*Task item:* Transcribe all the entries word for word, skipping the pictures.

Segment Start: Supplied records

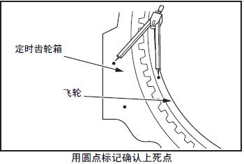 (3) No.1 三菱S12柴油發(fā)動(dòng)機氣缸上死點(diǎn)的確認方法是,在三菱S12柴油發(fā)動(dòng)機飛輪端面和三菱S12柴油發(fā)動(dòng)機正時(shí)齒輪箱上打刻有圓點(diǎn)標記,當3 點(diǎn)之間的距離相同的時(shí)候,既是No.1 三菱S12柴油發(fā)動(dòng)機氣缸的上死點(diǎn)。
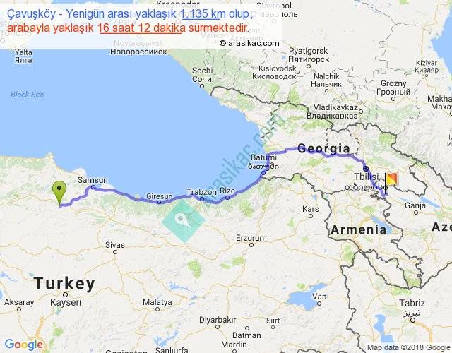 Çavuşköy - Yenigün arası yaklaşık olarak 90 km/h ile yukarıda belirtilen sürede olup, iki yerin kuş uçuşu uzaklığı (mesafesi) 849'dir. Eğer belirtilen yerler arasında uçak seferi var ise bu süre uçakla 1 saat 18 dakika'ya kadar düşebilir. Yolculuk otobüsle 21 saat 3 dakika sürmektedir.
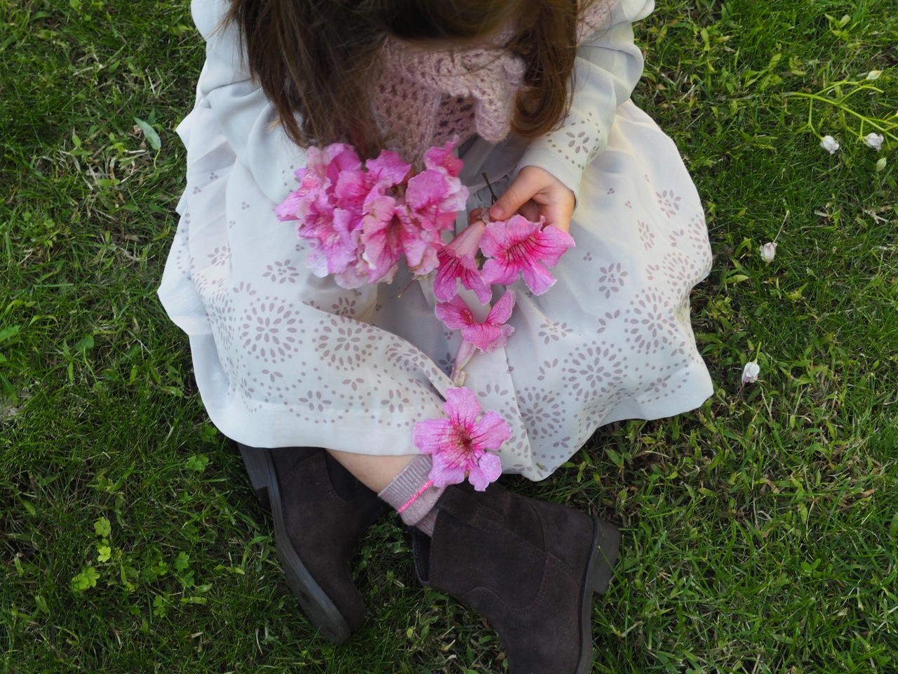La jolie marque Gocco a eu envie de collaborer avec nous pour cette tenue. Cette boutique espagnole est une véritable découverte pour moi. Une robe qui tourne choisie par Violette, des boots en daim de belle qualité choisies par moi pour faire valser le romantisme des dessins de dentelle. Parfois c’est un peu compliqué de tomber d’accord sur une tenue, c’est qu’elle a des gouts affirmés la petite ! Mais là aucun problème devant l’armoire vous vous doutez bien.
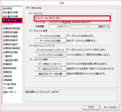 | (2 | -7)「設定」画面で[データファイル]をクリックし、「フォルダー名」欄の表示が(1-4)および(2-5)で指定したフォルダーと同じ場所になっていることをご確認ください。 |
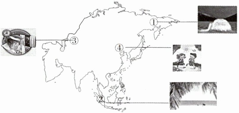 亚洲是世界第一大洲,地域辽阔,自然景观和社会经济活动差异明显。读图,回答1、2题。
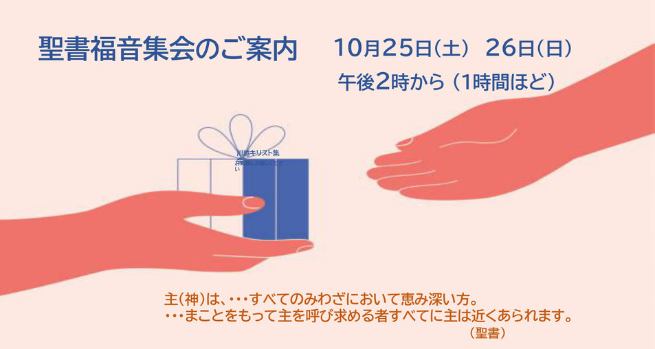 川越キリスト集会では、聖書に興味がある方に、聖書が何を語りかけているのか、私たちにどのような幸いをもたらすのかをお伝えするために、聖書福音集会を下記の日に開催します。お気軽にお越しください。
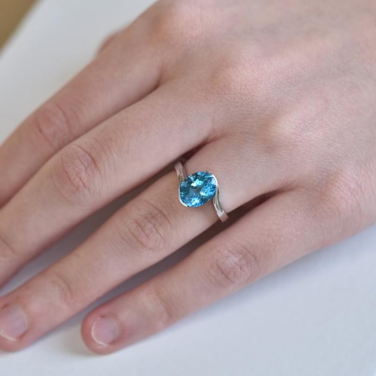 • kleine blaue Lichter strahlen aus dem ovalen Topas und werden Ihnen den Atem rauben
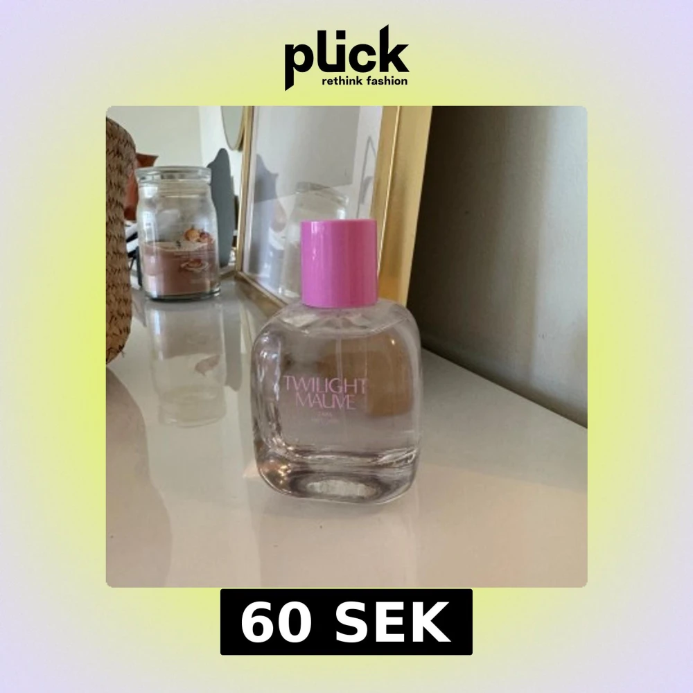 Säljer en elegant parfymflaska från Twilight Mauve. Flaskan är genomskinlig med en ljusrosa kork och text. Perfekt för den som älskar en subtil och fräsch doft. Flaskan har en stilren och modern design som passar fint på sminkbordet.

Segment End: Supplied records

*Task solution:*
 (3) No.1 三菱S12柴油發(fā)動(dòng)機氣缸上死點(diǎn)的確認方法是,在三菱S12柴油發(fā)動(dòng)機飛輪端面和三菱S12柴油發(fā)動(dòng)機正時(shí)齒輪箱上打刻有圓點(diǎn)標記,當3 點(diǎn)之間的距離相同的時(shí)候,既是No.1 三菱S12柴油發(fā)動(dòng)機氣缸的上死點(diǎn)。
 Çavuşköy - Yenigün arası yaklaşık olarak 90 km/h ile yukarıda belirtilen sürede olup, iki yerin kuş uçuşu uzaklığı (mesafesi) 849'dir. Eğer belirtilen yerler arasında uçak seferi var ise bu süre uçakla 1 saat 18 dakika'ya kadar düşebilir. Yolculuk otobüsle 21 saat 3 dakika sürmektedir.
La jolie marque Gocco a eu envie de collaborer avec nous pour cette tenue. Cette boutique espagnole est une véritable découverte pour moi. Une robe qui tourne choisie par Violette, des boots en daim de belle qualité choisies par moi pour faire valser le romantisme des dessins de dentelle. Parfois c’est un peu compliqué de tomber d’accord sur une tenue, c’est qu’elle a des gouts affirmés la petite ! Mais là aucun problème devant l’armoire vous vous doutez bien.
 | (2 | -7)「設定」画面で[データファイル]をクリックし、「フォルダー名」欄の表示が(1-4)および(2-5)で指定したフォルダーと同じ場所になっていることをご確認ください。 |
 亚洲是世界第一大洲,地域辽阔,自然景观和社会经济活动差异明显。读图,回答1、2题。
 川越キリスト集会では、聖書に興味がある方に、聖書が何を語りかけているのか、私たちにどのような幸いをもたらすのかをお伝えするために、聖書福音集会を下記の日に開催します。お気軽にお越しください。
 • kleine blaue Lichter strahlen aus dem ovalen Topas und werden Ihnen den Atem rauben
 Säljer en elegant parfymflaska från Twilight Mauve. Flaskan är genomskinlig med en ljusrosa kork och text. Perfekt för den som älskar en subtil och fräsch doft. Flaskan har en stilren och modern design som passar fint på sminkbordet.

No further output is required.